Es, increíblemente, la carta que yo me hubiera escrito: el mismo
tono, el mismo lenguaje, las mismas imágenes... También yo tengo
pareja estable desde hace años, una excelente relación, por otra
parte.
La
referencia del apartado me parece perfecta, no necesitabas
disculparte. Adoro las demoras.
Besos,
Por
la noche mientras cenábamos en un restaurante le hablé a mi pareja
de las cartas que había recibido y sobre todo de la que tanta
impresión me había causado.
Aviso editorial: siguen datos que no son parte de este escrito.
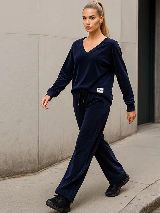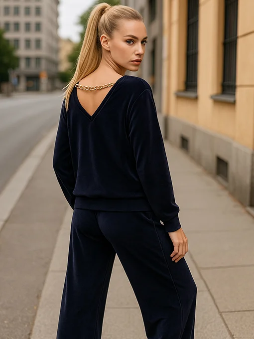 Σετ βελούδο με αλυσίδα. Σετ από μαλακό plush βελούδο με μπλούζα V εμπρός–πίσω και διακριτική χρυσή αλυσίδα στην πλάτη.

No se me iba de la cabeza, procuraba
contenerme para no resultar pesada ni parecer excesivamente
interesada pero no podía disimularlo: esa carta había llegado en el
momento preciso y no paraba de hacer conjeturas sobre el remitente.
Dos
días después escribí la larga carta prometida y me dispuse a
esperar su respuesta. Iba casi a diario a la oficina de correos y
aunque siempre había alguna carta, de los rezagados que habían
leído mi anuncio tarde, ninguna era la que yo esperaba.
En
mi casa a menudo leía de nuevo su carta, y también mis respuestas,
tenía copia porque siempre paso las cartas a limpio, preguntándome
el porqué de su silencio. No lo podía entender, habían pasado casi
dos semanas y seguía sin recibir noticias.
El
fin de semana siguiente lo pasé en casa de mi pareja y como siempre
hacía me preguntó si había recibido más cartas, si había
recibido respuesta de aquel tipo tan interesante. Le dije que sí que
seguía recibiendo cartas de vez en cuando pero que la que yo
esperaba nunca llegaba. Entonces se acercó a mí y me dijo que
dejara de esperar, que nunca recibiría esa carta porque todo lo que
tuviera que decirme prefería decírmelo de viva voz, la carta la
había escrito él. No me lo podía creer, no me lo quería creer,
pensaba que me estaba tomando el pelo y no me convencí hasta que
sacó de su cartera un recibo del apartado de correos que había
contratado para escribirme.
No
suelo llorar con facilidad pero en ese momento sentí que algo se
rompía dentro de mí y empecé a llorar con ganas, con ruido,
mientras le recriminaba su actitud, nunca le podría perdonar que me
hubiera desilusionado de esa forma. El intentaba consolarme
diciéndome que lo viera de otra manera, diciéndome que no
necesitaba seducirle, que le tenía ya seducido, pero yo seguía
llorando y entre hipos levanté dos dedos de una mano y le dije que
sí, pero que yo quería dos."
El
autobús había dejado Elda atrás y la desconocida se volvió hacia
mí: tenía los ojos brillantes y me sonreía. Los kilómetros
restantes los hicimos en silencio. En Alicante nos dijimos un tímido
adiós y me di cuenta de que no sabía ni siquiera su nombre. Me dije
que si alguna vez volvíamos a encontrarnos se lo preguntaría.